◆ Exercise: Retype word for word the line containing "Pet Tervuren Dogs" and each line that follows it in the records below, through the last one, with no pictures.

(Provided records Opens)

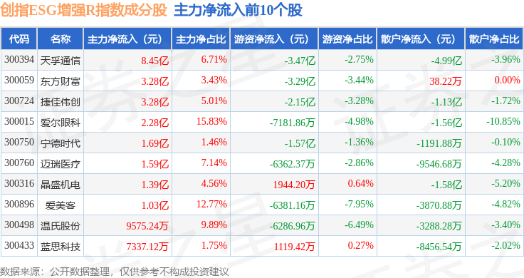 资金流向方面,创指ESG增强R(470034)指数成份股当日主力资金净流出合计34.84亿元,游资资金净流出合计2.65亿元,散户资金净流入合计37.49亿元。成份股资金流向详情见下表:
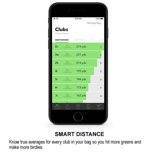 | COBRA CONNECTâ„¢ provides advanced GPS distances on over 40,000 courses worldwide, so users can pinpoint exact distances (in yards or meters) to any point on the course. | Know true averages for every club in your bag so you hit more greens and make more birdies. | Know your strengths and weaknesses for every club so you can practice more efficiently and shoot lower scores. |
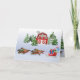 Pet Tervuren Dogs are pulling the red Christmas Sleigh! The 4 Terv dogs are pulling a sleigh with gifts. A red barn and snowman are in the background. You can personalize with your last name on the barn and change the greeting on the inside. Illustrated by artist ©Jacqueline Schneider
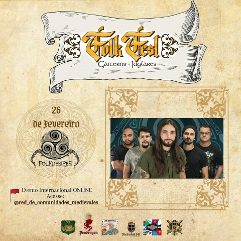 A Folkdesires participou na última sexta-feira, dia 26 de fevereiro, do festival online “Folk Fest”, evento realizado pela Rede Latino América de Comunidades Medievais (CCMMA) e organizado no Brasil pela Medieval SC. A ‘live’ contou com a participação de diversas bandas de Folk Metal da América Latina. Confira a participação do grupo clicando aqui.
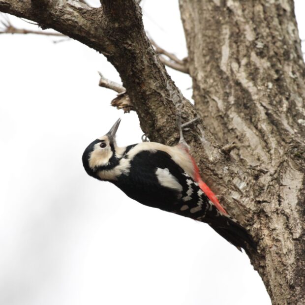 林の木の幹を歩き採食するだけで無く、 地上に降りて昆虫などを食べることがあります。 また、 木の実を食べることもあります。 繁殖期になると木の幹をたたき「ドロロロロロ・・・・」と音を出します。 これをドラミングといいます。 アカゲラの雄は後頭部が赤いのが特徴です。
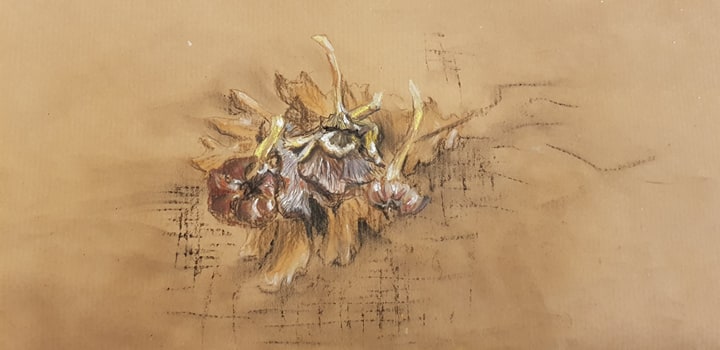 There probably is not enough contrast between the mushrooms and the leaf in the drawing – maybe the leaf should be paler to push the mushrooms further forward?
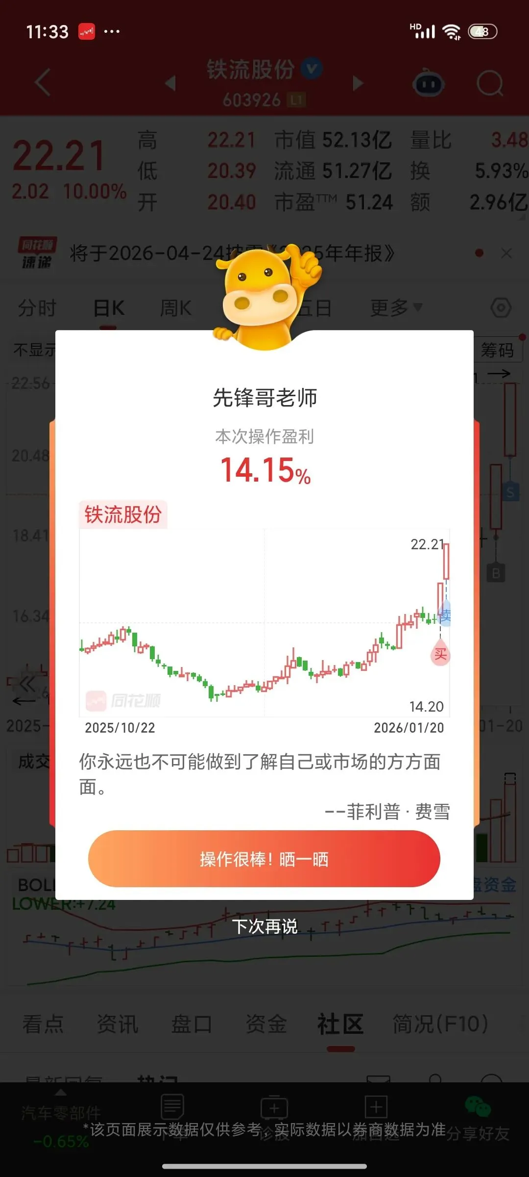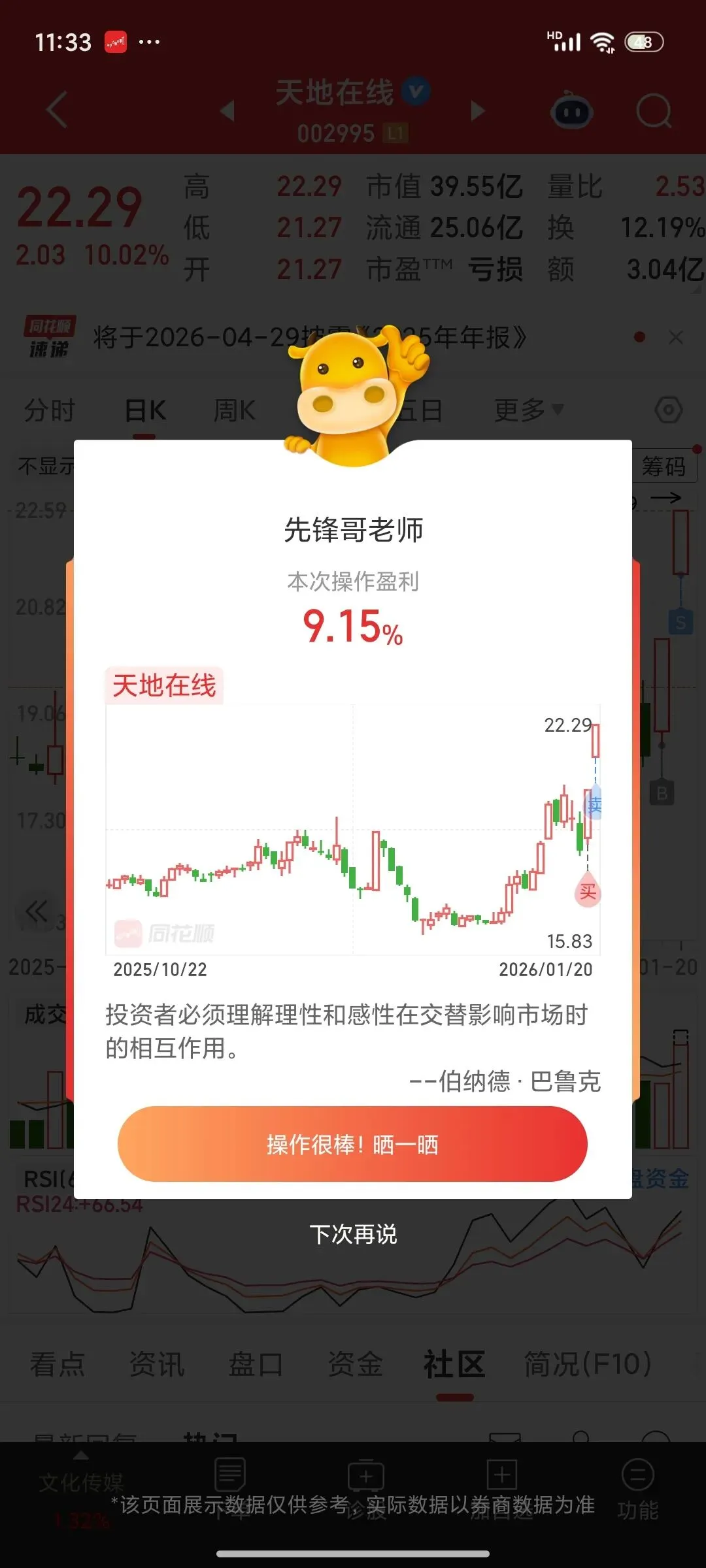 半路上车成功率不会太高,成功一只能大赚!这就是广撒网的好处,东边不亮西边亮,当然这也是短线抓板的快乐,你抓的板越多,遇到一字板的概率就越大,坚持的结果!有的标的当天失败,也不意味就一定会是亏损,第二天也有机会,它就算失败亏损也不大,这就是为什么成功一只,可以弥补好几只失败的原因,你能做到30%的成功率,可以稳定获利了!
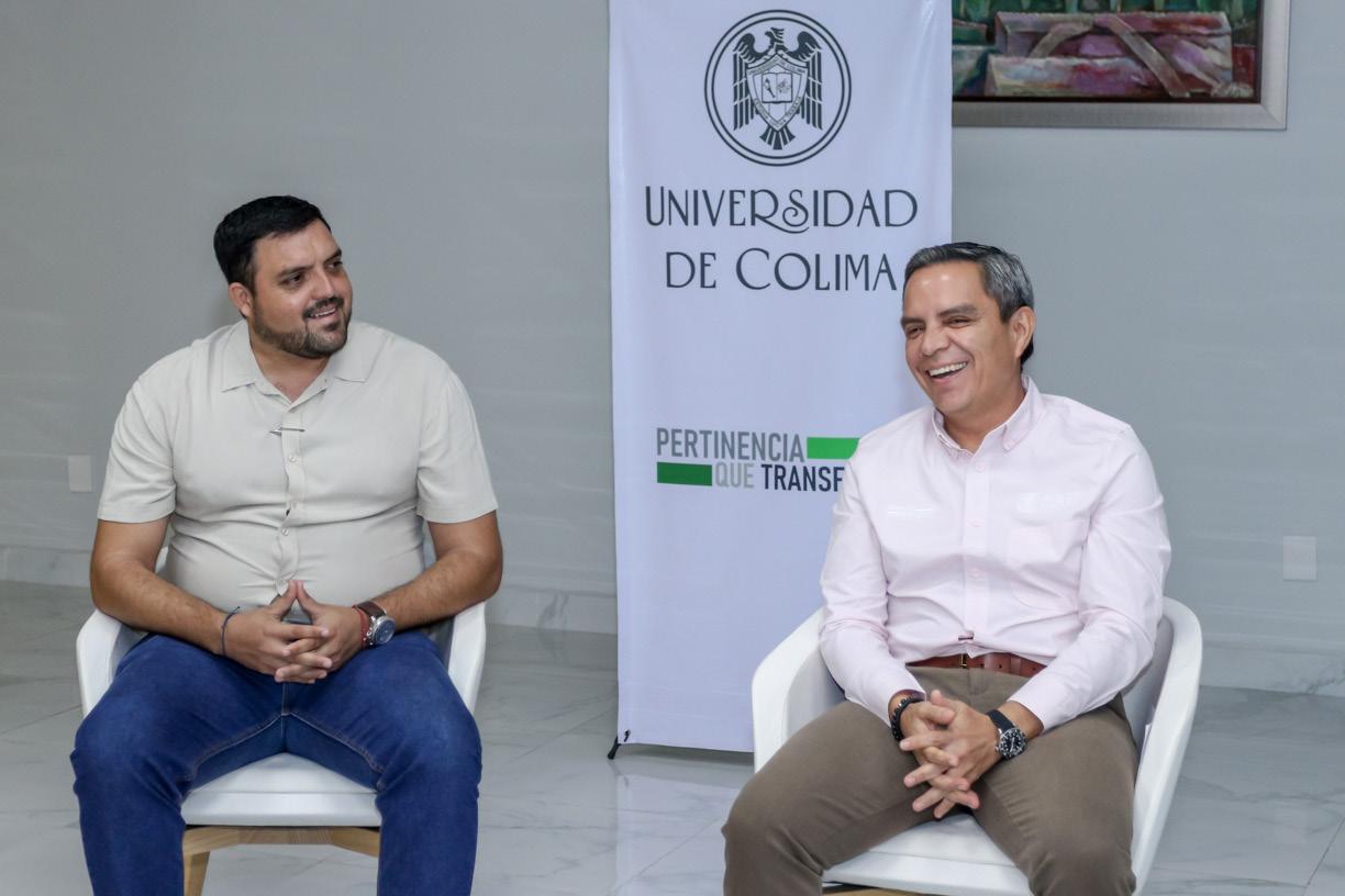 El Rector de la Universidad de Colima, Christian Jorge Torres Ortiz Zermeño recibió la visita de los presidentes municipales electos de Ixtlahuacán, Rafael Verduzco Mendoza y de Tecomán, Armando Reyna Magaña, en la sala de protocolo de Rectoría.

(Provided records Closes)

◆ Finished task:
 Pet Tervuren Dogs are pulling the red Christmas Sleigh! The 4 Terv dogs are pulling a sleigh with gifts. A red barn and snowman are in the background. You can personalize with your last name on the barn and change the greeting on the inside. Illustrated by artist ©Jacqueline Schneider
 A Folkdesires participou na última sexta-feira, dia 26 de fevereiro, do festival online “Folk Fest”, evento realizado pela Rede Latino América de Comunidades Medievais (CCMMA) e organizado no Brasil pela Medieval SC. A ‘live’ contou com a participação de diversas bandas de Folk Metal da América Latina. Confira a participação do grupo clicando aqui.
 林の木の幹を歩き採食するだけで無く、 地上に降りて昆虫などを食べることがあります。 また、 木の実を食べることもあります。 繁殖期になると木の幹をたたき「ドロロロロロ・・・・」と音を出します。 これをドラミングといいます。 アカゲラの雄は後頭部が赤いのが特徴です。
 There probably is not enough contrast between the mushrooms and the leaf in the drawing – maybe the leaf should be paler to push the mushrooms further forward?
 半路上车成功率不会太高,成功一只能大赚!这就是广撒网的好处,东边不亮西边亮,当然这也是短线抓板的快乐,你抓的板越多,遇到一字板的概率就越大,坚持的结果!有的标的当天失败,也不意味就一定会是亏损,第二天也有机会,它就算失败亏损也不大,这就是为什么成功一只,可以弥补好几只失败的原因,你能做到30%的成功率,可以稳定获利了!
 El Rector de la Universidad de Colima, Christian Jorge Torres Ortiz Zermeño recibió la visita de los presidentes municipales electos de Ixtlahuacán, Rafael Verduzco Mendoza y de Tecomán, Armando Reyna Magaña, en la sala de protocolo de Rectoría.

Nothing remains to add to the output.